Gen Z: Disillusioned with Institutions, Hyper-Connected, and Impossible to Ignore
This article explores how Gen Z is reshaping democracy across continents—from youth-led protests in Nigeria and Kenya to climate strikes in Europe and North America, and shifting voting patterns in the United States and beyond.
Drawing on recent research from Pew Research Center, Tufts University’s CIRCLE, UN agencies, and scholars of digital activism, it shows that Gen Z strongly believes in democratic principles but has low trust in governments and politicians. The article examines their hybrid political repertoire—ballots, streets, and social media—through a comparative table, highlights key debates among scholars and critics, and discusses what parties, movements, and educators must do if they hope to engage this restless generation.
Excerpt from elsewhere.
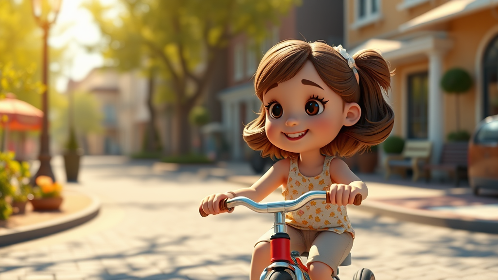A delightful and charming 6-year-old girl rides her tricycle down a picturesque street on a sunny day, captured with intricate 3D art style using Cinema 4D and Octane Render with realistic ray tracing. The scene has a clay-like texture reminiscent of a Pop-Mart blind box, embodying the playful whimsy of Pixar's animation style. The lighting is dynamic and vibrant, adding depth and warmth, while the focus on ultra-detailed features and a soft depth of field brings the scene to life in a captivating 9:16 ratio.

1. Who Is Gen Z—and Why They Matter Politically
Demographers usually define Generation Z as those born from the mid-1990s to around 2010. In many countries, the oldest Gen Zers are now in their mid-20s, finishing university, entering the labour market—and voting in large numbers. In the United States, Pew Research Center notes that Gen Z is the most racially and ethnically diverse generation so far and is generally more progressive and comfortable with diversity than older cohorts.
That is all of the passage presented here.